Home-page: https://ctor.space/gitlab/work/ncagg
Author: Stefan Codrescu
Author-email: stefan.codrescu@noaa.gov
License: UNKNOWN
Platform: UNKNOWN
Classifier: Development Status :: 4 - Beta
Classifier: Intended Audience :: Science/Research
Classifier: Programming Language :: Python :: 2.7
Classifier: Programming Language :: Python :: 3.6
Classifier: License :: OSI Approved :: MIT License
Classifier: Operating System :: OS Independent
Requires-Dist: Click
Requires-Dist: cerberus
Requires-Dist: netCDF4
Requires-Dist: numpy

NetCDF Aggregation (ncagg)
==========================

So... you want to aggregate time series NetCDF files?

TL;DR
-----

Install the utility with with pip:

::

    pip install ncagg

On the command line, use ``ncagg``:

::

    Usage: ncagg [OPTIONS] DST [SRC]...

    Options:
      -v, --version                   Show the version and exit.
      --generate_template PATH        Print the default template generated for
                                      PATH and exit.
      -u TEXT                         Give an Unlimited Dimension Configuration as
                                      udim:ivar[:hz[:hz]]
      -b TEXT                         If -u given, specify bounds for ivar as
                                      min:max or Tstart[:[T]stop]. min and max are
                                      numerical, otherwise T indicates start and
                                      stop are times.start and stop are of the
                                      form YYYY[MM[DD[HH[MM]]]] and of stop is
                                      omitted,it will be inferred to be the least
                                      significantly specified date + 1.
      -l [DEBUG|INFO|WARNING|ERROR|CRITICAL]
                                      log level
      -t FILENAME                     Specify a configuration template
      --help                          Show this message and exit.

Notes:

-  DST is the filename for the NetCDF output and should not already
   exist, or will be overwritten.
-  SRC is a list of input NetCDF files to aggregate, can be passed on
   the command line or piped to ncagg.
-  -u should specify an Unlimited Dimension Configuration.

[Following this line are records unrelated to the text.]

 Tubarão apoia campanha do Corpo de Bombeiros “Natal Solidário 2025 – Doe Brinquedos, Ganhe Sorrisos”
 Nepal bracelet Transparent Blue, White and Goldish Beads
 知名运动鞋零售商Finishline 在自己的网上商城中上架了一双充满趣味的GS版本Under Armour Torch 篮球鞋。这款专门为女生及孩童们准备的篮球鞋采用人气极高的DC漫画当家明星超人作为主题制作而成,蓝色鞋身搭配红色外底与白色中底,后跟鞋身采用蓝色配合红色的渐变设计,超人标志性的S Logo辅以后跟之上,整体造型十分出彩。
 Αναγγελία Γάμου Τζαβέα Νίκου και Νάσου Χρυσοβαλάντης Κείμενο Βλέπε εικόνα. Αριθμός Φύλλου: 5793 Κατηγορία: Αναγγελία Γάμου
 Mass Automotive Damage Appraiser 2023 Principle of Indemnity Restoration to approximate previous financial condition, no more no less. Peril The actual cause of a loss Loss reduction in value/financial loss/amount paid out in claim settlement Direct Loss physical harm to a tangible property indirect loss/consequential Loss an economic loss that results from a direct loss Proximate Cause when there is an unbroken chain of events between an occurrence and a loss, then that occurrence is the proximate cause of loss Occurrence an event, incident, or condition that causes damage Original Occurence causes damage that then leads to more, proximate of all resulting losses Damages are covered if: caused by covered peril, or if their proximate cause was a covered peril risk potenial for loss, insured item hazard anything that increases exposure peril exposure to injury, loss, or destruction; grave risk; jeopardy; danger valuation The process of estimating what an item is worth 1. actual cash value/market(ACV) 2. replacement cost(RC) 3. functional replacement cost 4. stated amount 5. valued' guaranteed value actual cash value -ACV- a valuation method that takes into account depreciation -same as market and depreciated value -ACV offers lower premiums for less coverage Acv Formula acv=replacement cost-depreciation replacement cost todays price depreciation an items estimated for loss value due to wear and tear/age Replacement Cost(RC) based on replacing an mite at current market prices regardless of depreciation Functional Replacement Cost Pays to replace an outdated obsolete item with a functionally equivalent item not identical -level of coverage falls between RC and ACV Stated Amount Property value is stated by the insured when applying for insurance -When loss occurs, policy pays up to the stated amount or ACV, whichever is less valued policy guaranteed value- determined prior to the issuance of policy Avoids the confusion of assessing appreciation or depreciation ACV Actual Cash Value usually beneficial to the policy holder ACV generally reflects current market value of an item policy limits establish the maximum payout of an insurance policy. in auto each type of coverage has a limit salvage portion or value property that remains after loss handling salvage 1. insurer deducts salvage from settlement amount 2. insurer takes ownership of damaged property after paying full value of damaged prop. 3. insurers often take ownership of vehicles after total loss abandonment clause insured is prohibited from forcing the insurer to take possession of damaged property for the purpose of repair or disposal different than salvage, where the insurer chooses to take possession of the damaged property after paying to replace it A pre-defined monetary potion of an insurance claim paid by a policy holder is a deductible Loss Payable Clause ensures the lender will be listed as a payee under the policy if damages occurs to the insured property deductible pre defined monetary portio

See below for
   details.
-  Taking tens of minutes for a day is normal, a progress bar will
   indicate time remaining.
-  For fine grained control over the output, specify a configuration
   template (-t). See below for details.

Examples:

::

    #     explicitly list files to aggregate
    ncagg output_filename.nc file_0.nc file_02.nc #...

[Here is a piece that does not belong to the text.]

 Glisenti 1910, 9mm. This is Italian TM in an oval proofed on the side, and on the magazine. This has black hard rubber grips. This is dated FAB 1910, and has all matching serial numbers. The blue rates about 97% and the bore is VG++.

    #     aggregate by globbing all files in some directory
    ncagg output_filename.nc path_to_files/*.nc

    #     sort the unlimited dimension record_number, according to the variable time
    ncagg -u record_number:time output_filename.nc path_to_files/*.nc

    #     sort the unlimited dimension record_number, according to the variable time, and insert
    #     or remove fill values to ensure time occurrs at 10hz.
    ncagg -u record_number:time:10 output_filename.nc path_to_files/*.nc

    #     only include time values between 2017-06-01 to 2017-06-02 (bounds), including
    #     sorting and filling, as above
    ncagg -u record_number:time:10 -b T20170601:T20170602 output_filename.nc path_to_files/*.nc
    #     or equivalently, if only one bound is specified, the end is inferred to be most significant + 1
    ncagg -u record_number:time:10 -b T20170601 output_filename.nc path_to_files/*.nc

    #     aggregate more files than fit on the command line... (in case of: Argument list too long)
    find /path/to/files -type f -name "*.nc" | ncagg output.nc

For more information, see the Unlimited Dimension Configuration below.
The ``ncagg`` Command Line Interface (CLI) builds a Config based on the
arguments specified.

High level overview
-------------------

Aggregation works in two stages:

1. Create a Aggregation List describing steps and order of aggregation.
2. Evaluate the Aggregation List.

The Aggregation List object is just a list that describes the order in
which to combine components of an aggregation. The objects within the
list represent source files, or segments of fill values. Source files
are associated with sorting and filling instructions within the file.
Fill values indicate where, and how many fill values to create.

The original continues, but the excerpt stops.